In Features ho messo parralel-fetc in makeopts -j3 e come -march=atom  ...  ho un netbook intel atom (samsung n150).

----------

## fturco

Dipende da quali pacchetti hai emerso. C'erano per caso pacchetti grossi quali firefox, libreoffice o gcc? Comunque i netbook non sono noti per la loro velocità.

----------

## Stramonium

no ....nesun pacchetto grosso. Sono in fase di istallazione non ho ancora emerso xorg quindi....
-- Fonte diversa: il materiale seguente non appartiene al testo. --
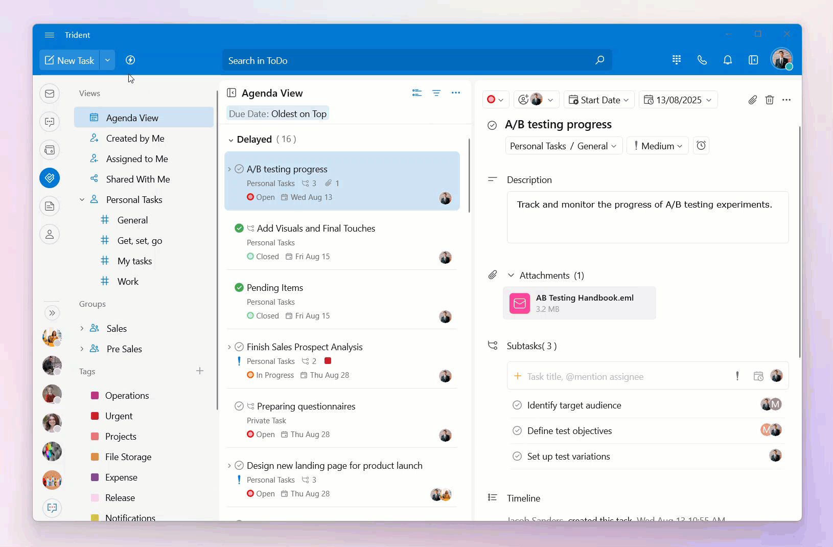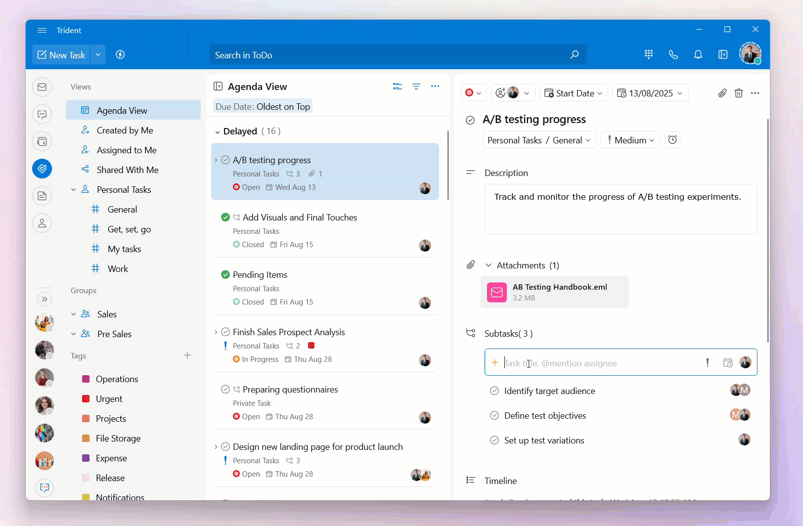 You can use a range of task fields to enhance your task management ensuring clarity for the tasks you create.

Adesso per esempio mi sta emergendo un pacchetto che si chiama tipo ,llvm boh è li' da 20 minuti e non finisce ancora.

----------

## Realnot

E' abbastanza difficile fare delle supposizioni senza avere informazioni. Magari posta il make.conf, qualche informazione sulla macchina e i pacchetti che hai emerso.

----------

## pierino_89

LLVM ha impiegato 6 minuti sul mio i7-3610QM con -j8, quindi mi sembra normale che su un atom ci metta una mezz'ora   :Wink: 

----------

## loxdegio

 *Stramonium wrote:*   

> Salve , sto notando che emerge è lentissimo da paura per emergermi 50 pacchetti c'è stato tutta la notte.
> 
> Mi viene un dubbio...non è che ho configurato male il make.conf?
> 
> In Features ho messo parralel-fetc in makeopts -j3 e come -march=atom  ...  ho un netbook intel atom (samsung n150).

 

Anche io ho Gentoo installata su un netbook e ti confermo che i tempi sono quelli. Io uso -j2 e non -j3 anche perché il mio 455 è visto come dual core ma di fatto è signle core in Hyperthreading quindi allocare un job in più porta solo problemi e nessun beneficio.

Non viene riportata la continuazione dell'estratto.